The main gist of the article is that the Chinese government should be worried about the rising tide of Chinese nationalism because a great deal of the anger now directed at western policies and interests are in fact, anger at Chinese government policy. Handled the wrong way, this tide of Chinese nationalism could very well turn against the Chinese government, leading to unpredictable consequences.
Here are the money quotes:
China’s rage is out of all proportion to the alleged offences. It reflects a fear that a resentful, threatened West is determined to thwart China’s rise. The Olympics have become a symbol of China’s right to the respect it is due. Protests, criticism and boycott threats are seen as part of a broader refusal to accept and accommodate China.
There is no doubt genuine fury in China at these offences; yet the impression the response gives of a people united behind the government is an illusion. China, like India, is a land of a million mutinies now. Legions of farmers are angry that their land has been swallowed up for building by greedy local officials. People everywhere are aghast at the poisoning of China’s air, rivers and lakes in the race for growth. Hardworking, honest citizens chafe at corrupt officials who treat them with contempt and get rich quick. And the party still makes an ass of the law and a mockery of justice.

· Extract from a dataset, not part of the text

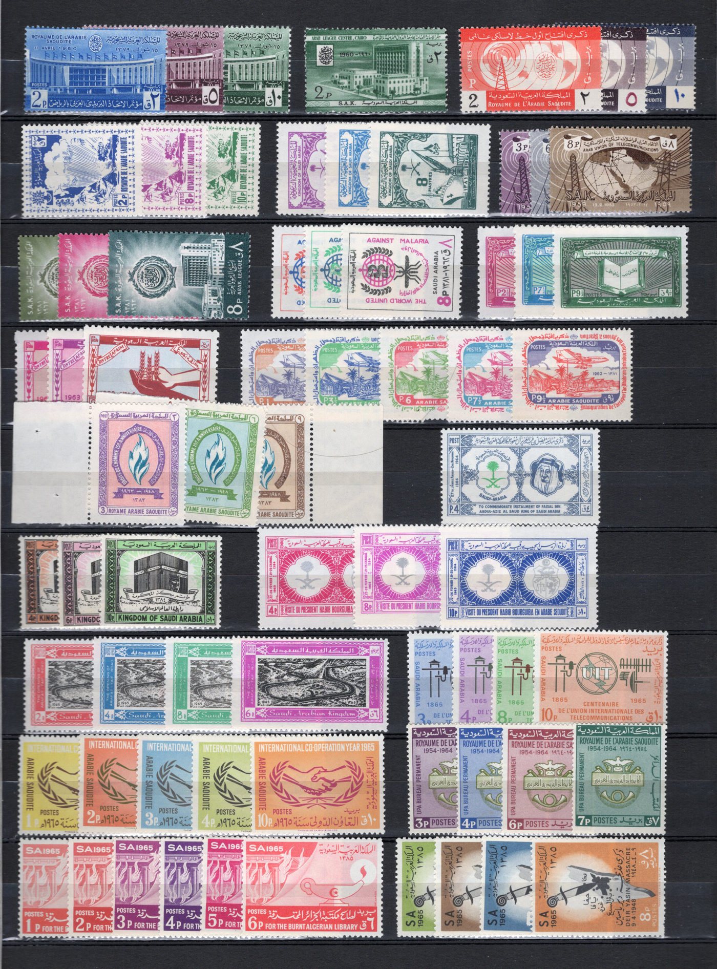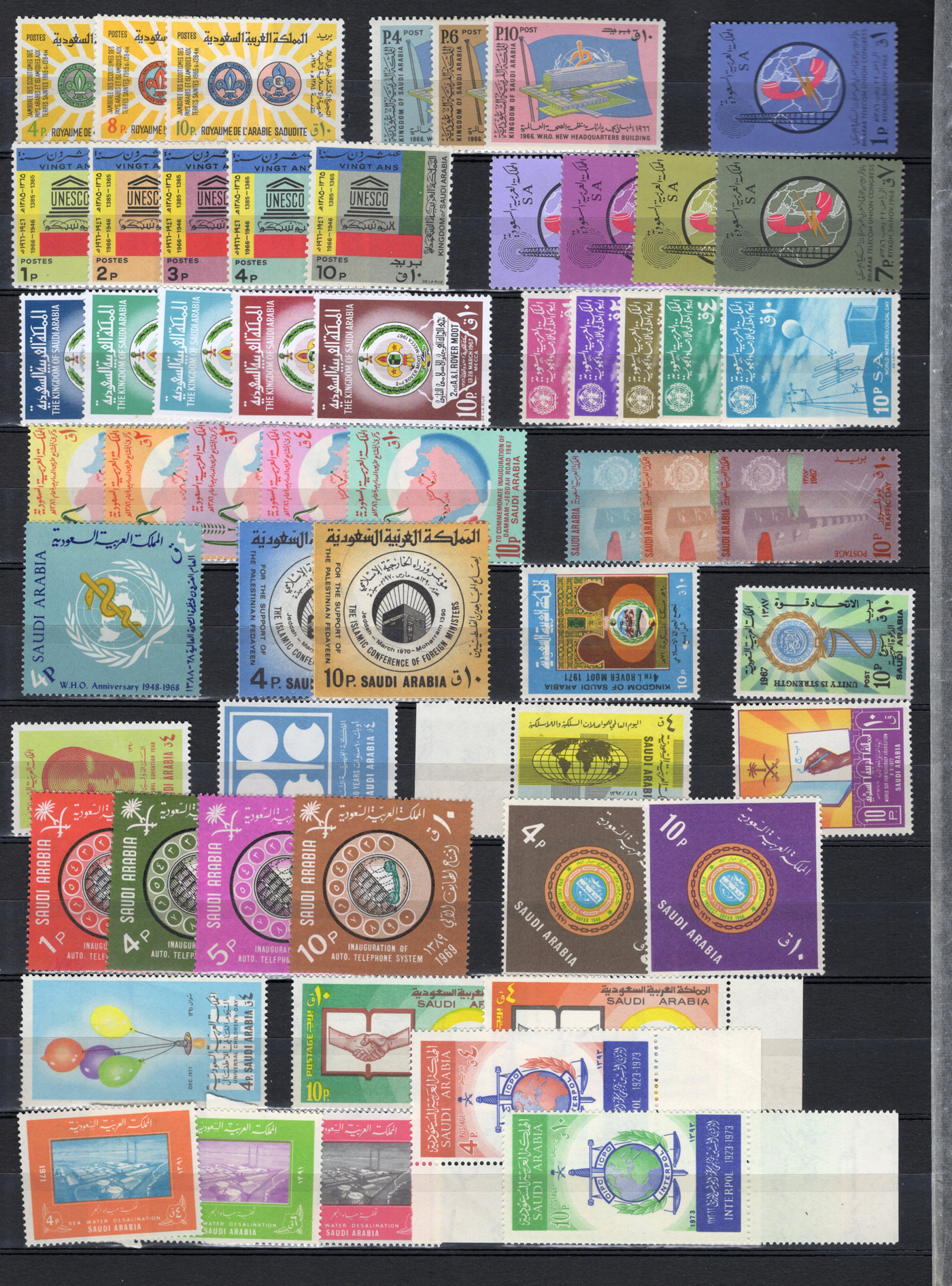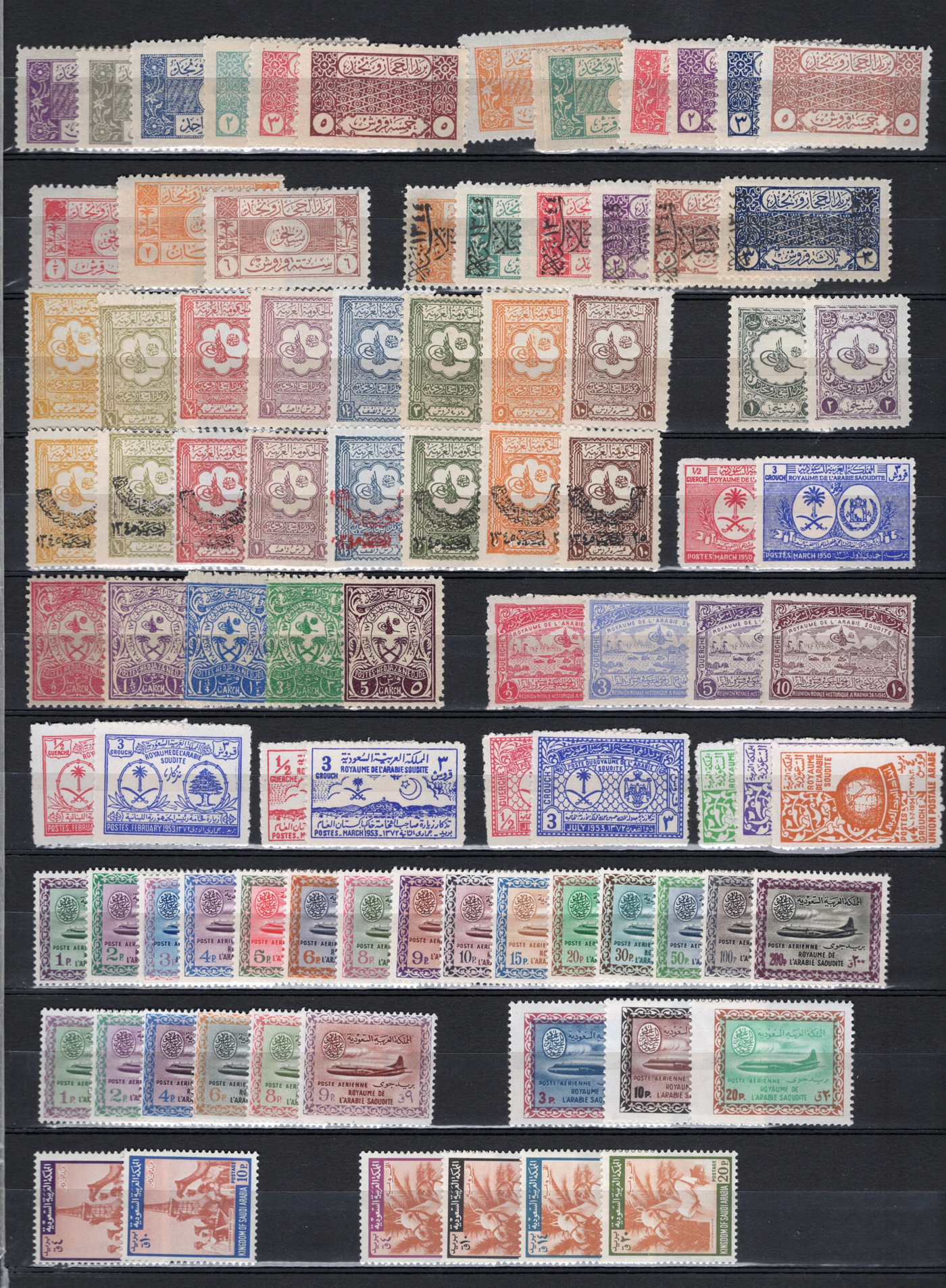 1652 og/nh 69/654 imageCollection of Mint Saudi Arabia, 1926 to 1974, neatly presented on 4 stock pages, with many singles, complete sets and long runs. A few of the early sets are hinged, but most of the collection is never hinged. We noted better sets such as Scott #s 69-74 ($276), 92-97 ($72), 98-105 ($153), 107-114 ($175), 125-129 ($106), 159-172 ($346), 173-176 ($145), 474-483 ($339), 512-516 ($104), C7-C21 ($215), O1-O6 ($253) and more. A nice fresh collection. (Scan 1) (Scan 2) (Scan 3) (Scan 4) (All Scans)
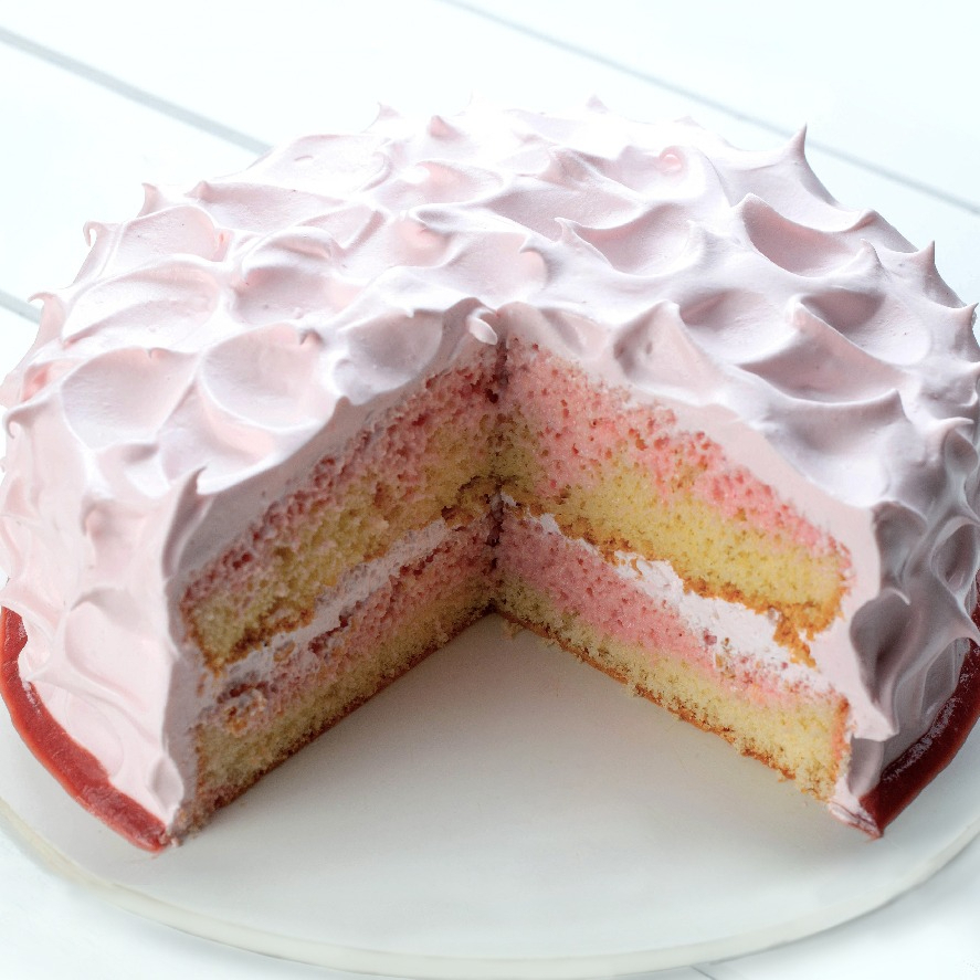 Pan de vainilla decorado y relleno de betún con yogurt de fresa, decorado con una salsa de fresa

This is a classic “bait-and-switch” argument. The anger directed at the west is in fact domestic Chinese anger at Chinese government policies, according to this thesis. This is a dismissal of any anger at the west as an argument completely without merit, and an attempt to shift all of the blame onto the Chinese government.

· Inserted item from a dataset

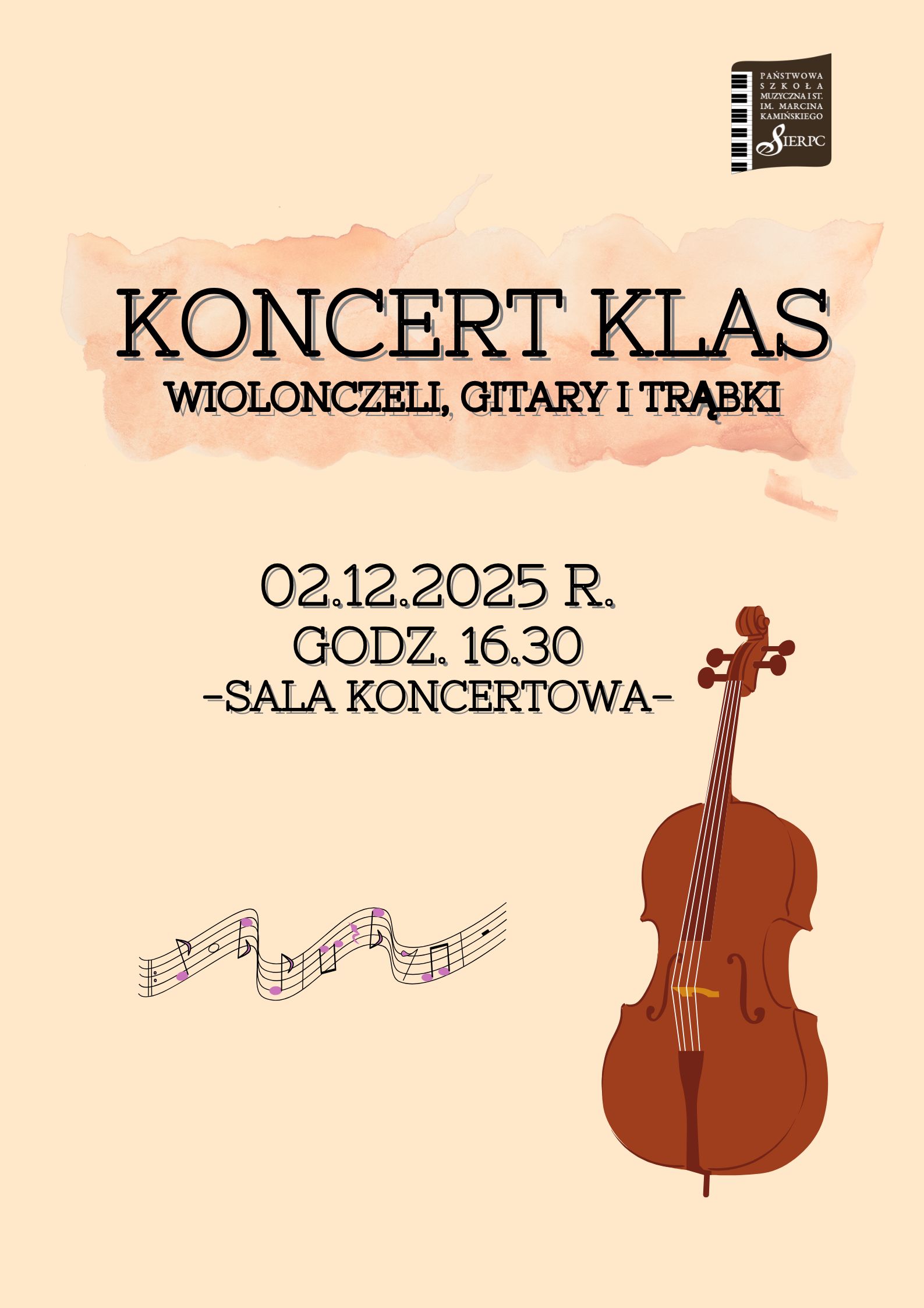 Koncert klas wiolonczeli, gitary i trąbki 27.11.2025 Dnia 02.12.2025 r. zapraszamy na Koncert klas wiolonczeli, gitary i trąbki. Zdjęcia (1) Pokaż zdjęcie 1 z galerii.
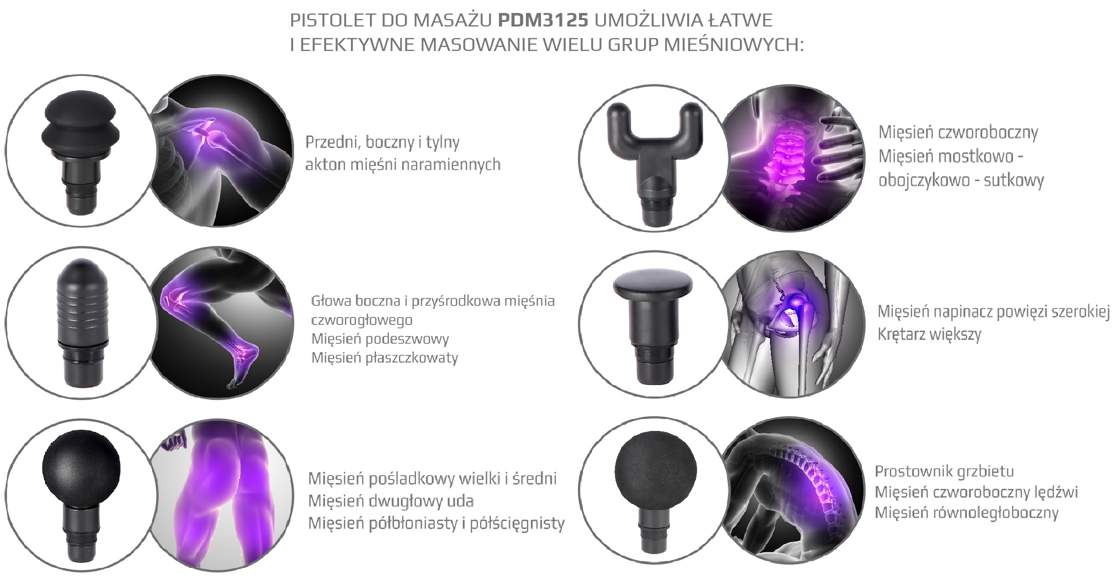 Masażer sprawdzi zarówno u sportowców, u osób z siedzącym trybem życia jak również dla fizjoterapeutów. Produkt posiada 6 wymiennych końcówek, co pozwoli dopasować masaż, do każdego rodzaju mięśnia. PDM3125H jest mocnym urządzeniem, szósty poziom prędkości, to aż 3200 ruchów na minutę. Pozwala to wykonać, naprawdę dogłębny masaż.

It is exactly this kind of argument which Chinese see as western hypocrisy and double standards. Of course there is anger at some Chinese government policies, but these are a separate issue. Please don’t try to change the subject!

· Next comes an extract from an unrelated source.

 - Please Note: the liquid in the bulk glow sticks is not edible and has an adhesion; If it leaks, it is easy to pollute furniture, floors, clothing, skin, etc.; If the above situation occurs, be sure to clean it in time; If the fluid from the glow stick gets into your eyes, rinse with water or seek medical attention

Sure, there are some aspects of Chinese government policy which Chinese citizens would like to see change. But the pro-Tibetan independence folk have committed the sin of lumping Chinese citizens together with the Chinese government in their criticisms. To the Chinese, it seems like a classic attempt to hijack the Olympics, something which almost all Chinese are truly proud of, and to turn it into a bully pulpit for their claims of Tibetan independence.
What angers both the Chinese government policymakers and people is that while the country has developed in economic terms and yes, even in human rights terms, that has not been recognized in the west. Instead, there continue to be politicians and media figures who continue to hector China, and play a leading role in shaping western opinions and political policy about China. To the Chinese, it seems like no matter how hard they run to the finish line, there is always someone out there moving the finish line even further away while they are running the race.
Trying to steal the Olympics and letting the Chinese have their day in the sun would be very similiar to insulting an American simply because George W Bush is his president. This is exactly what the pro-Tibetan independence supporters, and the China media critics have done.
Why should these people, who have little deep understanding of China and the Chinese (or Tibetans for that matter) have such an influential role in shaping opinion about such an important relationship as the west’s relationship with China, and be given so much ink and free air time? In light of this, why shouldn’t Chinese get angry about this very unfair and one-sided view which is put forward in much of the western media, and then passed off as the truth? And why doesn’t the western media instead reach out to westerners who have lived in China, and maybe, even speak the language in order to get a deeper understanding of the country?
Is this fair?
The real reason many Chinese are angry is not redirected anger at Chinese government policies, it is a genuine anger at a very biased and one-sided view about China which casts it as irresponsible, selfish, oppressive and wrong, and then throwing all Chinese citizens into the same basket.
The Economist is, generally speaking, a fair and open-minded newspaper, and usually presents well thought-out positions and arguments . It should look deeper than dismiss all of the Chinese anger out of hand.
If this lead article is the best that they can do, then I’m not optimistic about relations between China and the west.